◆ **TASK BRIEF**
The lines to transcribe begin with the one containing "Riddell Baltimore Ravens" and end with the last line below; reproduce them exactly, without the pictures.

◆ **INFORMATION**
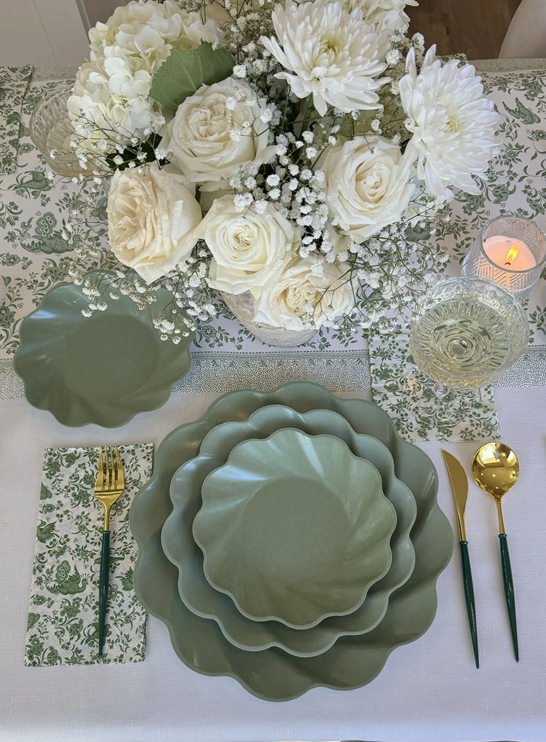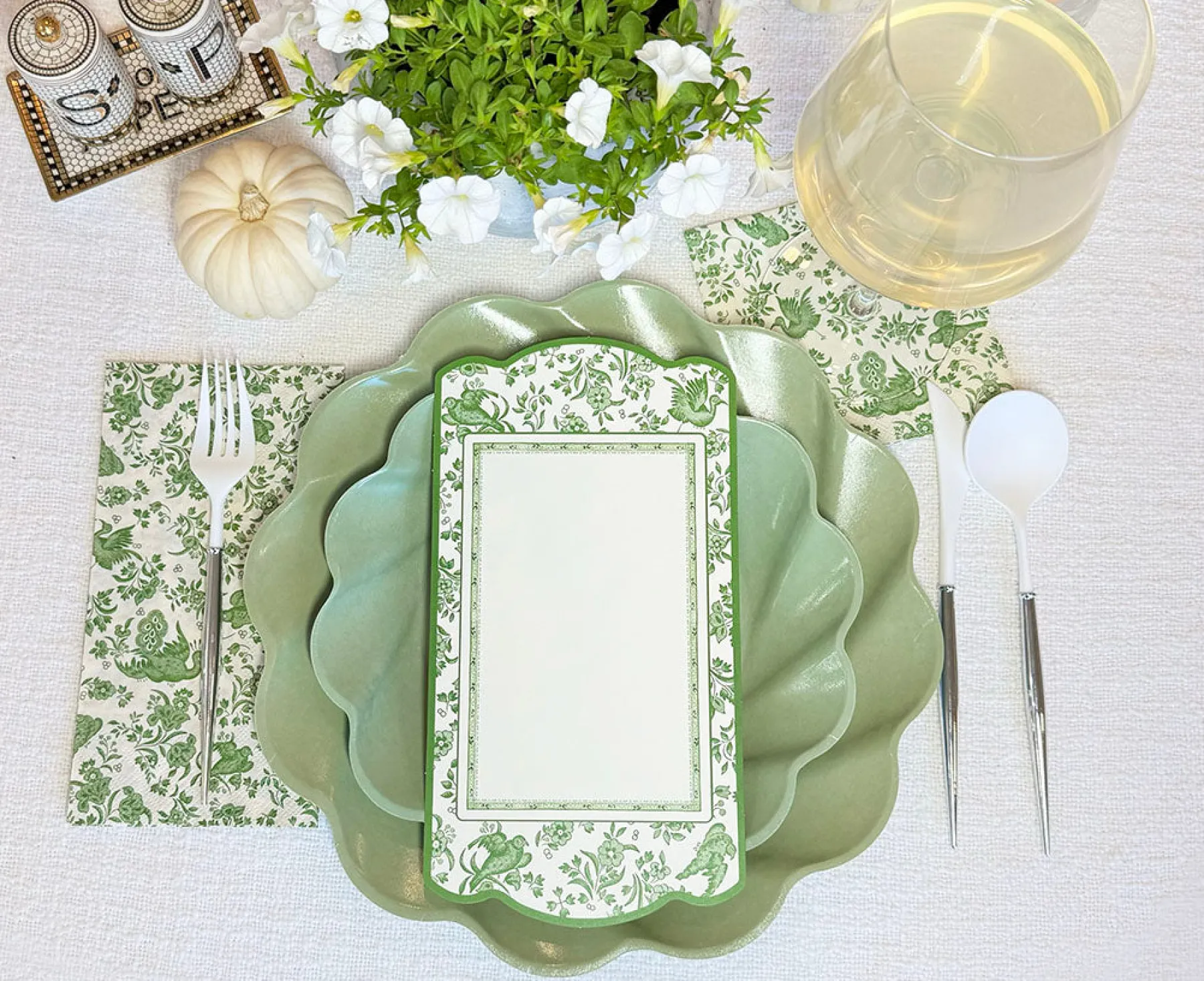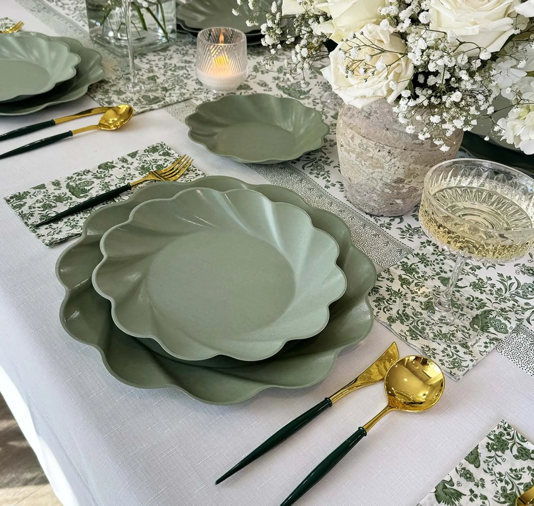 Elevate your holiday table into a professional tablescape. These sage colored plates are made of natural and biodegradable bamboo fiber making them incredibly sturdy and heavy-duty. Coupled with their beautiful scalloped edges, these high quality plates are unlike any other disposable plates you’ve encountered before. Your guests will not believe this Instagrammable set up is disposable and Earth friendly! A curated party-in-a-box, with everything you need to effortlessly create a professional, disposable, tablescape.
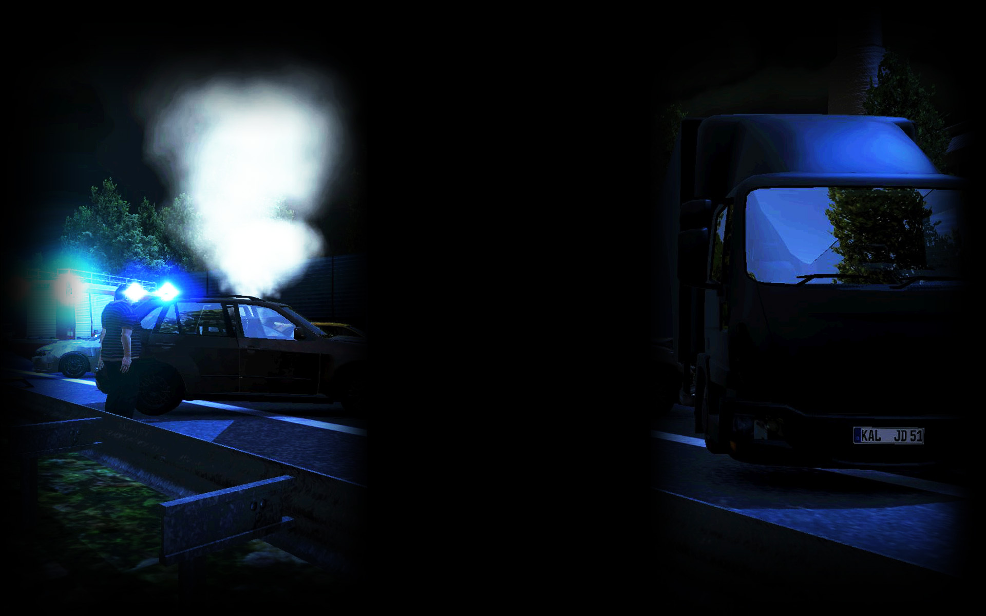 In addition to the 40 missions revolving around the daily duties of the Autobahn Police, one can enjoy the extensive “Free Play” mode. This mode generates random radio calls for operations which the player is free to accept. All in all, this mode includes 100 additional operations at various locations and times of day. Accidents can be more or less severe and can also include trucks. The fully equipped patrol car houses all material needed to secure and inspect the accident site. Emergency vehicles, fire trucks and rescue services complete the scene at the accident.
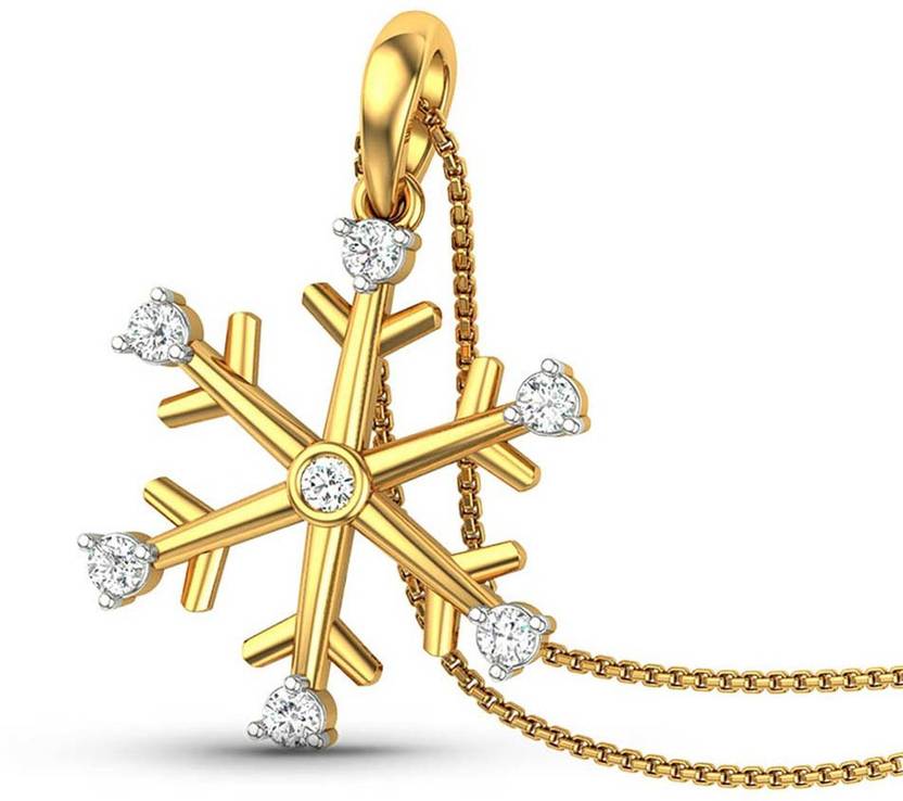 ROCKRUSH Glowing Snowflake Diamond Pendant 14kt Yellow Gold Pendant
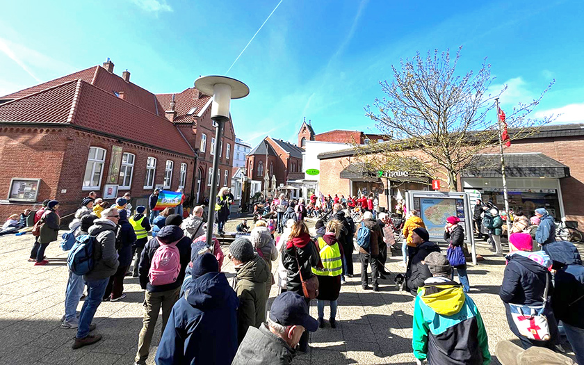 Bei strahlendem Sonnenschein haben sich um 11.30 Uhr rund 100 Menschen in der Poststraße zu einer Friedenskundgebung versammelt. Sie waren damit dem Aufruf der Friedensinitiative Norderney gefolgt. Aus der Mitte der Veranstaltung meldeten sich mehrere Redner und Rednerinnen mit kurzen Beiträgen und Zitaten zum Frieden zu Wort und stimmten gemeinsam ein Friedenslied an. Der Norderneyer Posaunenchor begleitete die halbstündige Aktion musikalisch. Zum Abschluss schwiegen die Teilnehmenden um 12 Uhr während des Glockengeläuts fünf Minuten.
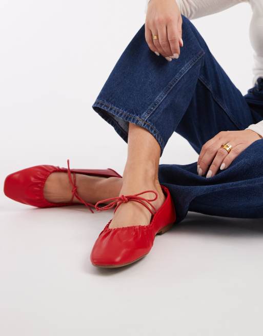 SEQWL Iris Wide fit tie detail ruched ballet flats in soft red PU
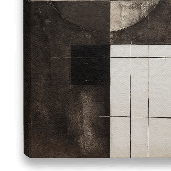 Abstracte Geometrie - Het schilderij toont een abstracte compositie van geometrische en ronde vormen, met een harmonieus kleurenpalet van bruine en crèmetinten. De subtiele textuur geeft diepte aan het vlakke canvas, terwijl strakke lijnen een zekere structurele orde suggereren.
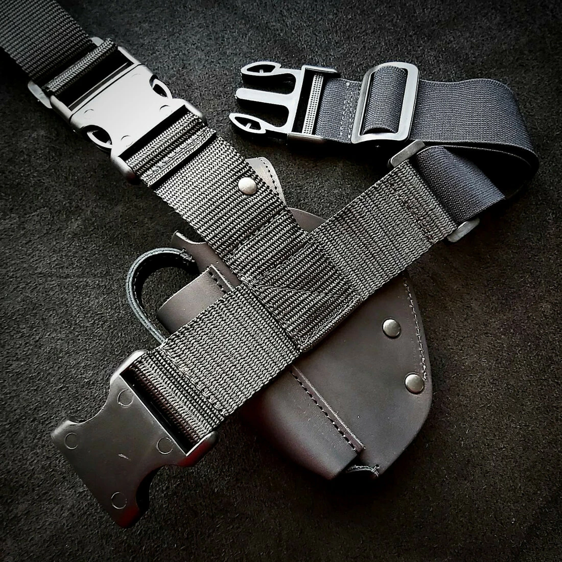 • Кобура не знімна, пришита до системи стегна. Стропа, гумка, фастекси міцні. Ширина фастексів 4 см
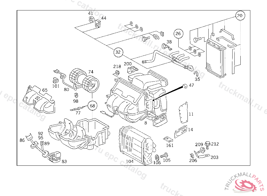 HEATER CASE , FIRST EXHAUST STOCK OF OLD PARTS UP TO IDENT NO. A 732130, Replaced By: A1248304462
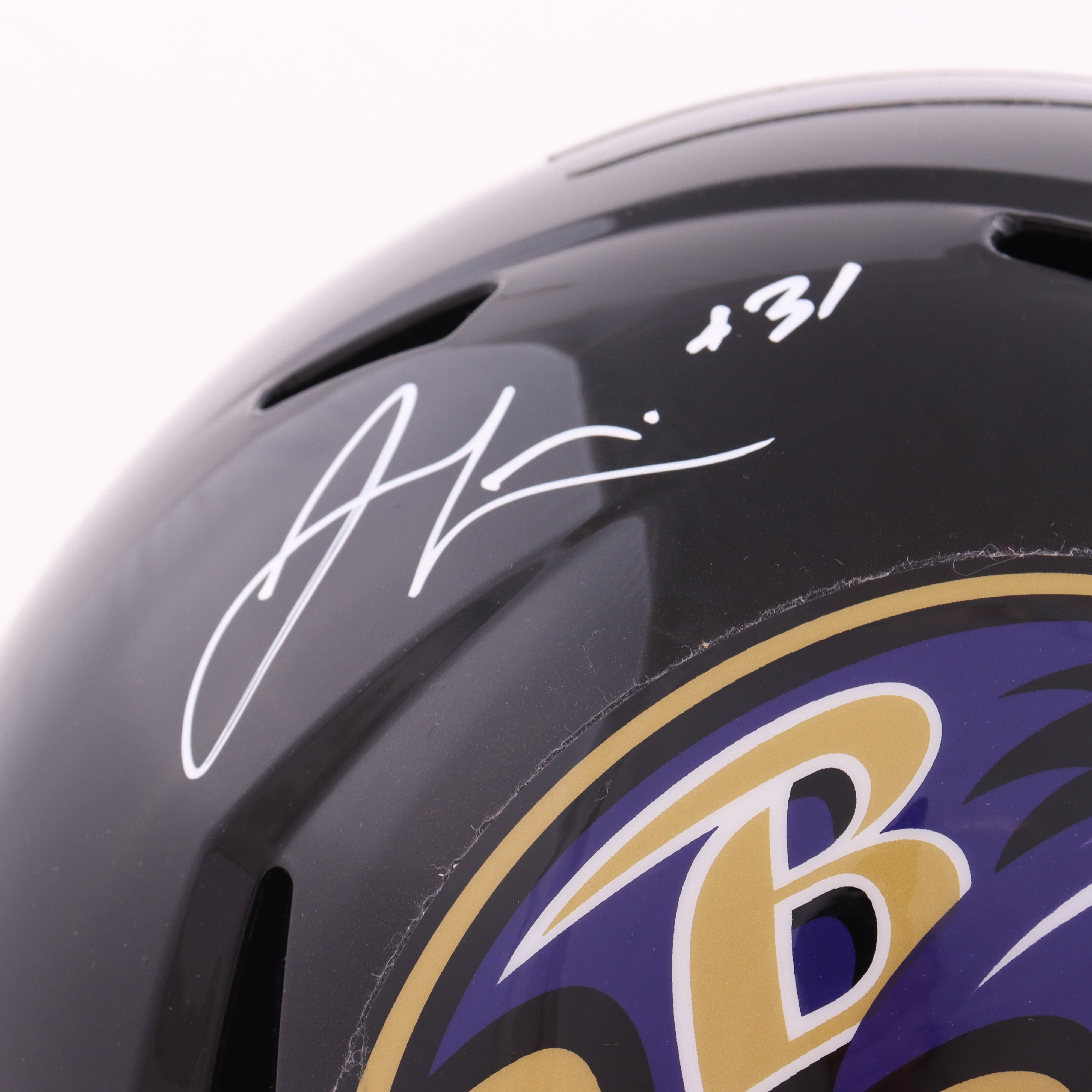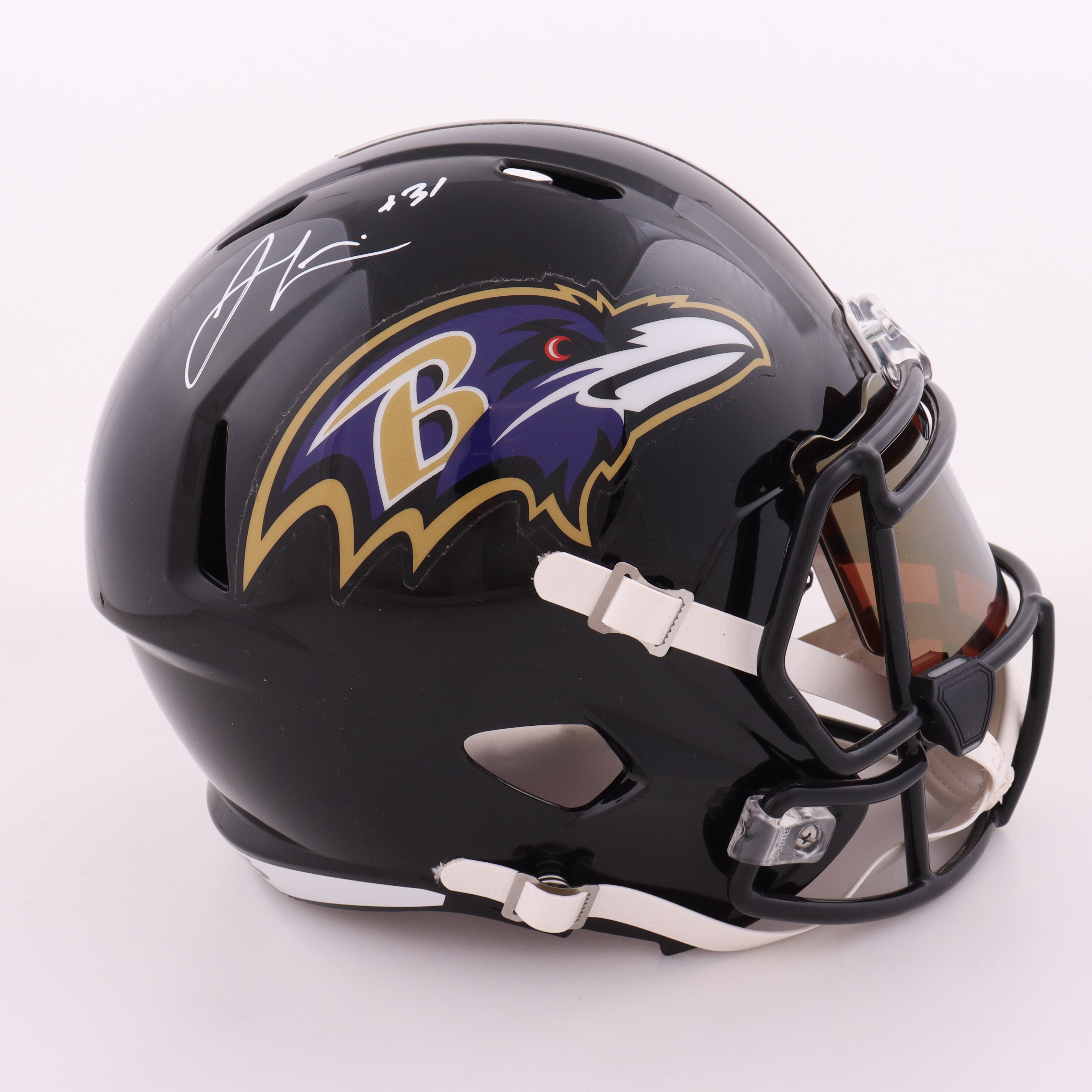 Riddell Baltimore Ravens full-size replica Speed helmet with custom visor. Hand-signed by Jamal Lewis.
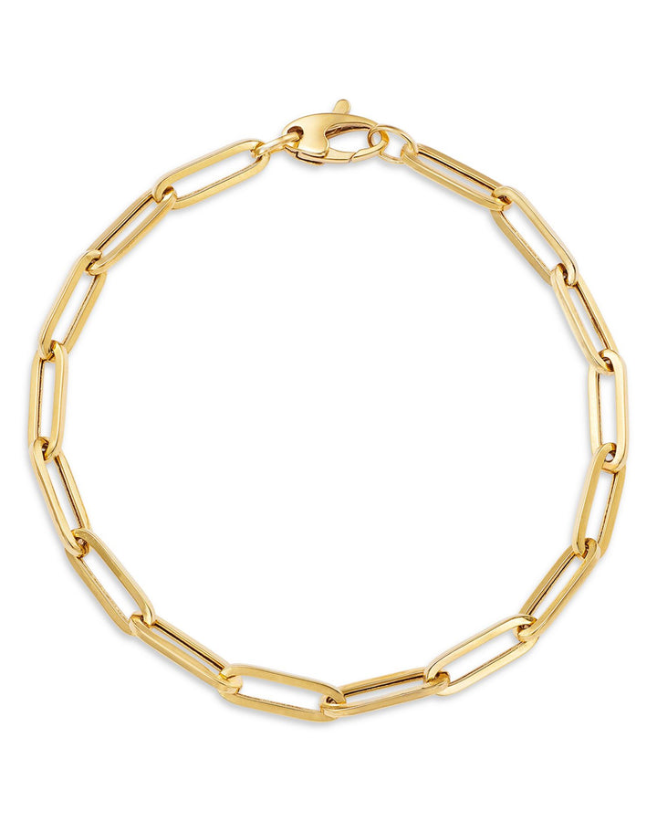 This Paperclip Link Bracelet in 14K Yellow Gold by Moon & Meadow offers a luxe and contemporary look with its polished paperclip-style links. Perfect for adding a bold yet refined layer to your jewelry collection.

◆ **EXERCISE OUTPUT**
 Riddell Baltimore Ravens full-size replica Speed helmet with custom visor. Hand-signed by Jamal Lewis.
 This Paperclip Link Bracelet in 14K Yellow Gold by Moon & Meadow offers a luxe and contemporary look with its polished paperclip-style links. Perfect for adding a bold yet refined layer to your jewelry collection.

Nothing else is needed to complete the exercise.